This is one of the best renditions of the piece on the guzheng/zither. I’ve heard many different versions of it through the years (since the 1970s). The first time I heard it I instinctively asked myself, Is my Tai chi chuan form as good? I’ve also heard it on the pipa/lute. One time on the cruise to the 3 Gorges and the Great Dam on the Yangzi River, it was played by a young Chinese woman on the boat.
In my imagination it was during a full moon. I am always looking for the best performance. Perhaps it was the influence of Rodolfo C. Vidad (Uncle Rudy) whointroduced me to a large repertoire of western music. (See the essay “Thinking of Uncle Rudy” in my book of essays.) I was really ignorant at the time and did not know much about music. I had a few lessons in the violin but I never went far because the teacher stopped coming to our town. Whenever I saw Uncle Rudy (that’s what everybody called him) in his house in the Sampaloc district of Manila, after my martial arts lessons in Chinatown, he would play several versions of a piece. If it was Rachmaninoff’s 3rd Concerto, we would listen to 3 or 4 by different pianists. He did the same with Tchaikovsky’s Violin in D. It was a great education for me. I got to know not only the composers but also the performers like Emil Gilels, Vladimir Horowitz, Jacqueline Dupre, Leonid Kogan, Fritz Kreisler, Leonard Bernstein. I think I also developed an “ear” for quality music.
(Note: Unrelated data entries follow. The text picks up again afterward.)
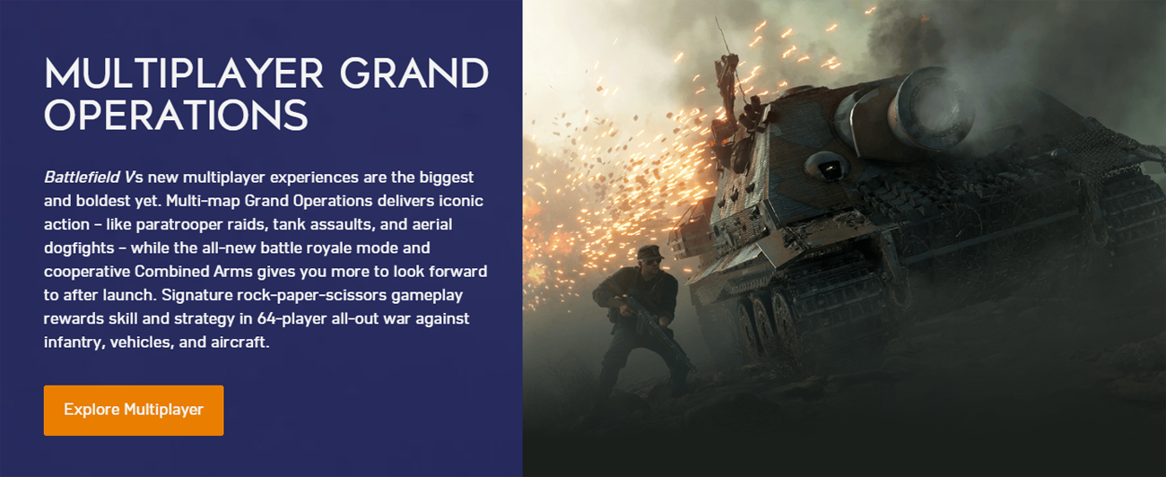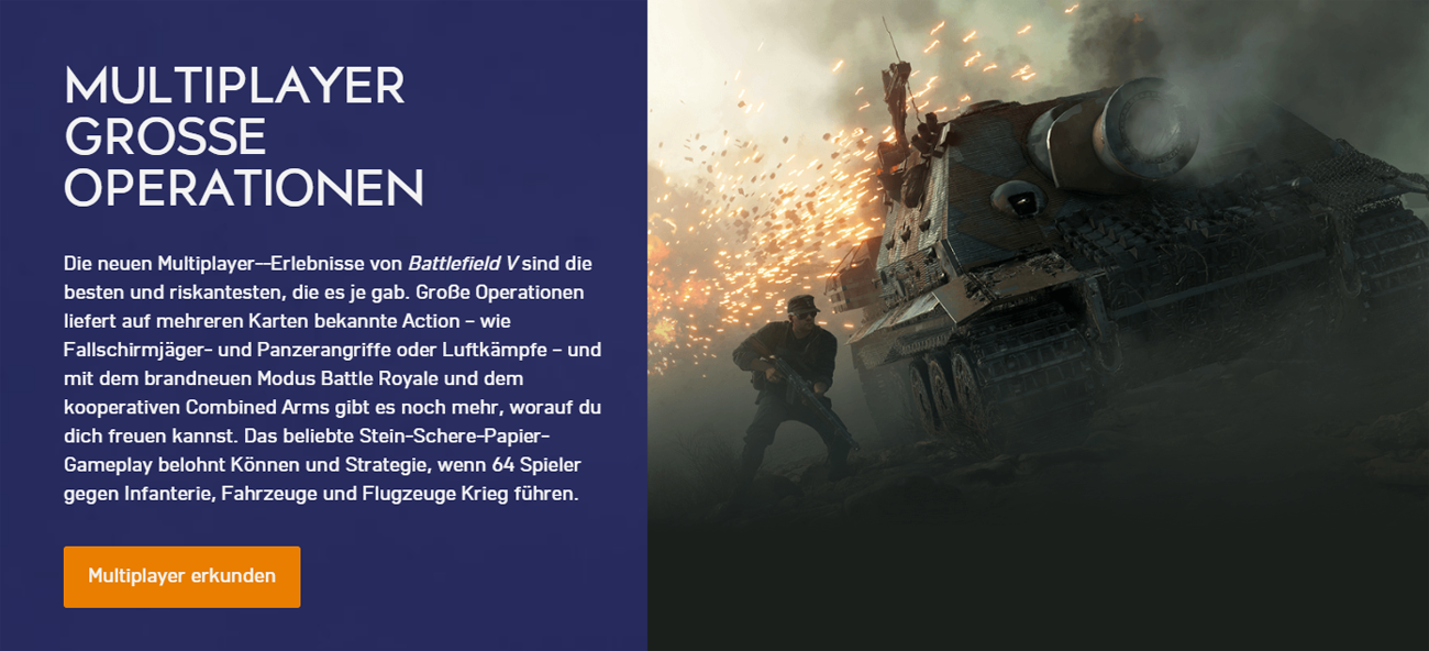 Ob es sich dabei um einen Fehler handelt, ist nicht bekannt. Auf der deutschen Battlefield Webseite ließt sich das Ganze völlig anders. Denn dort steht kurioserweise weder etwas davon, dass der Battle Royale Spielmodus später erscheint, noch dass der Coop Spielmodus Combined Arms nicht zum Release in Battlefield V enthalten sein wird.
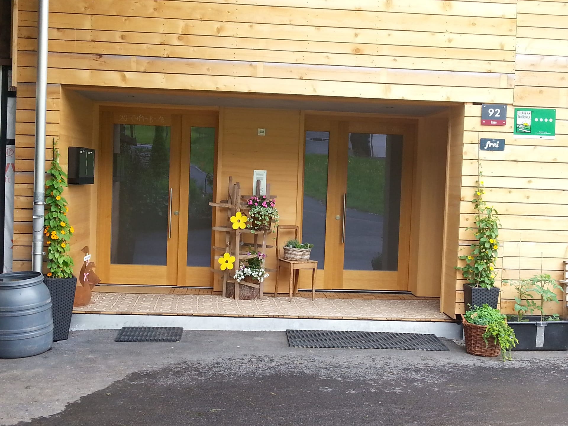 Die Ferienwohnung ist im 2. OG und verfügt über eine geräumige Wohnküche, 2 Schlafzimmer, Badezimmer, WC und Balkon. Im Stiegenhaus gibt es ein Doppelzimmer mit Dusche/WC, das idealerweise zu dieser Ferienwohnung dazu gemietet wird. Es eignet sich ideal für eine Familie und deren Großeltern oder ein befreundetes Ehepaar - einfach für Gäste, die zusammen verreisen und doch nicht die ganze Zeit auf sehr nahem Raum sein möchten.
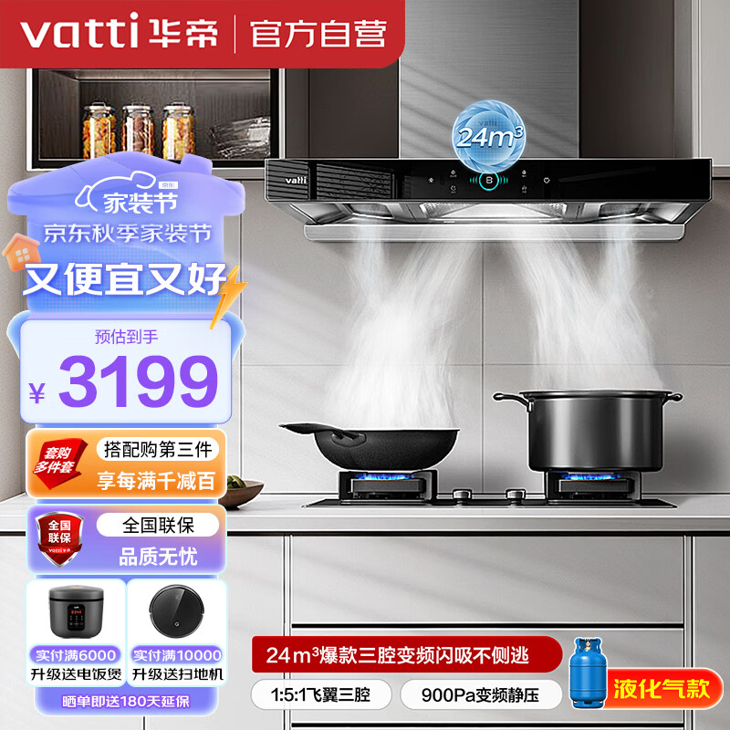 华帝(VATTI)抽油烟机家用顶侧欧式变频大吸力烟机燃气灶烟灶套装24风量自动清洗吸油烟机灶具套装i11206液化气价格:3299.00元!

Now this is probably weird. When I was in Boston in the 1990s, I used to go to the Arnold Arboretum in Jamaica Plains and do my martial arts forms beside the bonsai section. I honestly wanted to be like those dwarf trees! I knew how the bonsai were “trained” to assume their shape – early on they were pulled by their roots, chopped, twisted, and wired. It was cruel and loving at the same time. It was how my Dragon Tiger Fujian Temple Kungfu master Johnny Chiuten trained me back in the mid-60s. He made me stand in a “horse” posture for about 3 hours while pushing and sweeping me off my feet and inflicting on me the traditional tests for an indoor disciple of the art. It was like what I saw in the Kungfu movies where the novice was made to do hundreds of repetitions of a movement until he was bone-weary and his sweat pooled at his feet. I was – am — grateful for it. Mercifully my mentor in poetry Len Roberts did not inflict any physical pain but he was as demanding. He was generous with his praise but he was also generous with his criticism. He was always there to critique my poetry for 20 years since 1985 when he was a poetry professor at Lafayette College in Easton, PA. When I learned 15 years ago that he passed away I was about to pay the cashier at Wegman’s and I could not hold back my tears. I still have his notes written on the margins of the poems written many years ago.
The bonsai photos were taken when I was at the Shanghai Arts Museum.